Let me explain. When an architect is brought before a court of law to face allegations of negligence or incompetence (and few people including those in charge of discipline at the Architects Registration Board distinguish between these charges), two questions will inevitably go to the heart of the issues.

First, what did the architect do that they should not have done? For example, issue a practical completion certificate without having inspected the work.

Second, what did they not do that they should have done? For example, fail to comply with listed buildings legislation.

Likewise, when complaints relating to competence are referred to the ARB, often at the conclusion of the processes of litigation in the civil courts, similar questions will be addressed when determining the appropriate action to take against an individual architect.
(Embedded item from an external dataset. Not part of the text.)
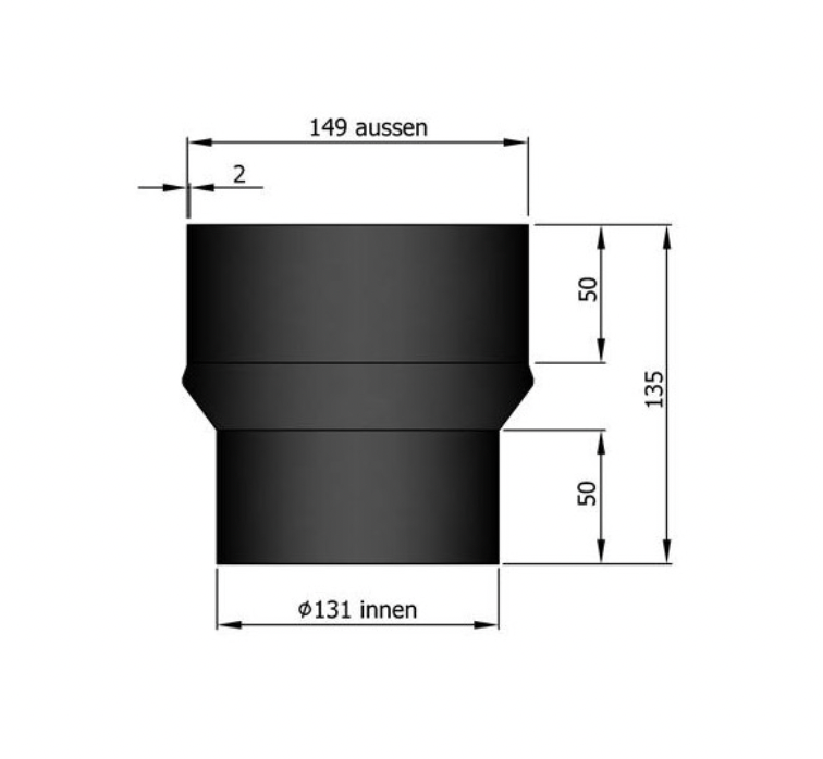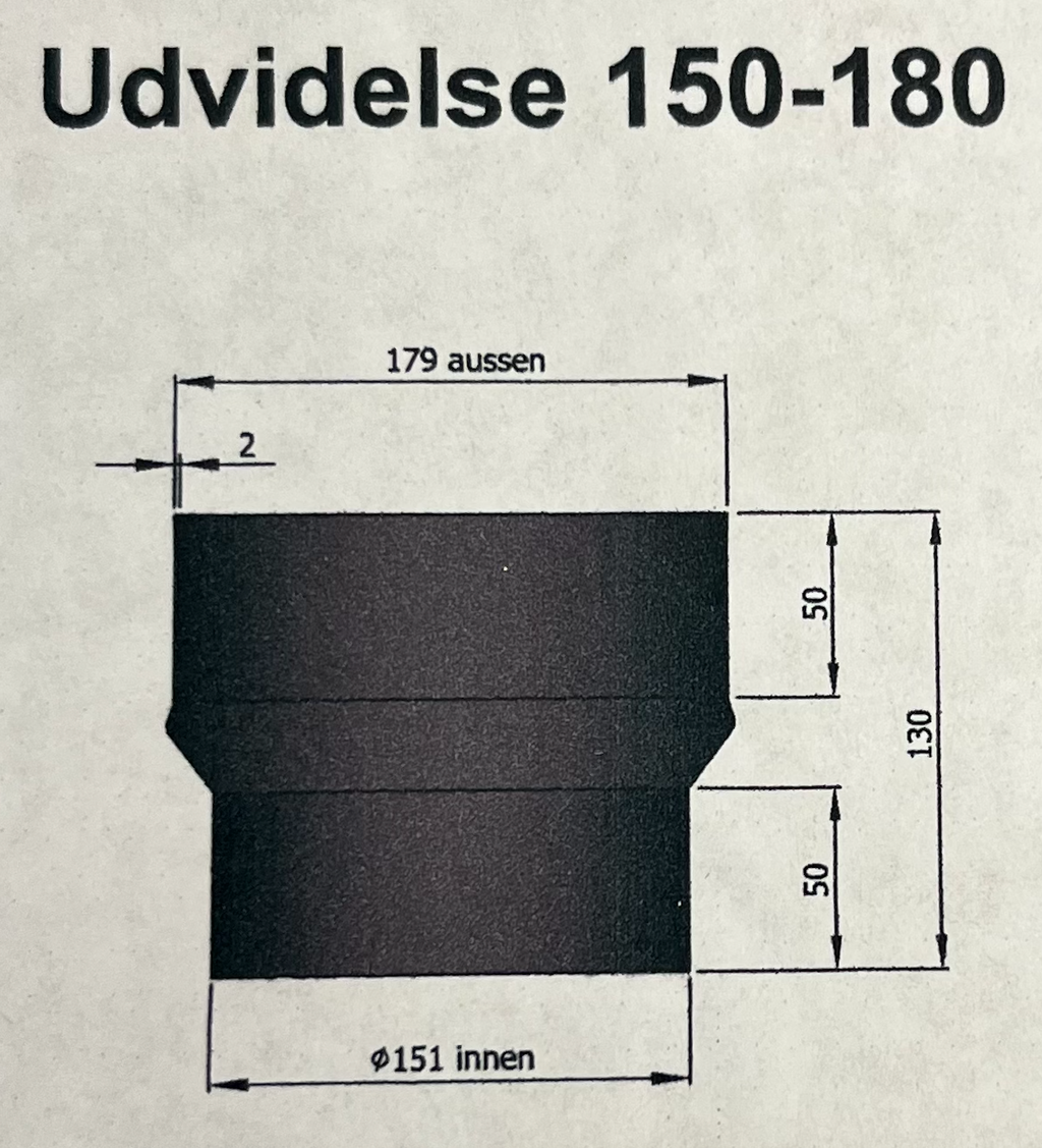 Udvidelsen er lavet af 2mm sortlakeret pladejern med varmebestandig maling. De anvendes til at forbinde en brændeovn med en stålskorsten eller et røgrør.

But what is the benchmark against which performance is measured? Well, certainly case law can assist the courts (although apparently not the ARB because its previous registrar destroyed all past case files from ARCUK days). Then there is the opinion of the expert witness who can advise the court with respect to what a reasonably competent architect should have (or should not have) done in such circumstances. And reference can, of course, be made to the RIBA Job Book (now in its seventh edition), but the weaknesses here are twofold: first, this publication does not form part of the contract between architect and client; and second, it is no longer compatible with the latest SFAs!
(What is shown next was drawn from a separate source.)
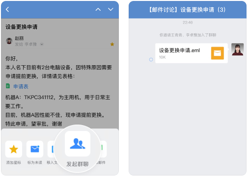读邮件时,可以直接向邮件的收发件人一键拉起群聊,快速讨论邮件内容,沟通更方便

So the main point of reference in assessing an architect's performance is the letter or SFA under which the appointment is made. Here, the courts and the ARB can establish the scope of the service commissioned (that is full or partial basic services, 'other' services and so on). Furthermore, the duties under each work stage are clearly set out in the SFAs, although I remain critical of these documents for reasons outlined previously (AJ 20.4.00 and 27.4.00).

So, it quickly becomes apparent that the extent of the PI insurer's liabilities are principally determined by the RIBA's SFA publications which define the scope of services to be provided. Likewise, the ARB relies on these documents in determining what could reasonably have been expected of any architect against whom a complaint is made.

But if architects are unable to provide services in accordance with the obligations that can be expected under the SFAs, then the PIcompanies are, of course, exposed to risk.

This, then, introduces a further and crucial element into the equation: are schools of architecture preparing graduates properly, in terms of both the scope and the quality of service that will be defined as appropriate by the courts against the duties set out in the various SFAs?

The schools may not welcome such scrutiny but this is an important issue: those graduates from Part 2 courses who decide to press on and sit professional practice exams quite reasonably expect that their education will have prepared them appropriately: where they have studied conscientiously, they anticipate early success in their Part 3 exams, and they look forward to being able to perform competently in practice.

But when things go wrong and architects are successfully sued, it is pay-out day for the insurers. And as a consequence, of course, PI premiums go up for the rest of us.

This is just another reason why it is in the interest of our profession that the education provided for those who wish to enter practice as architects - by far the majority of students - will properly prepare them to deal with the professional obligations that they will have to meet. Apart from competently serving the consumer, and maintaining the reputation of our profession, it is crucial that the level of successful PI claims is kept to the minimum - otherwise we all pay through constantly escalating PI premiums.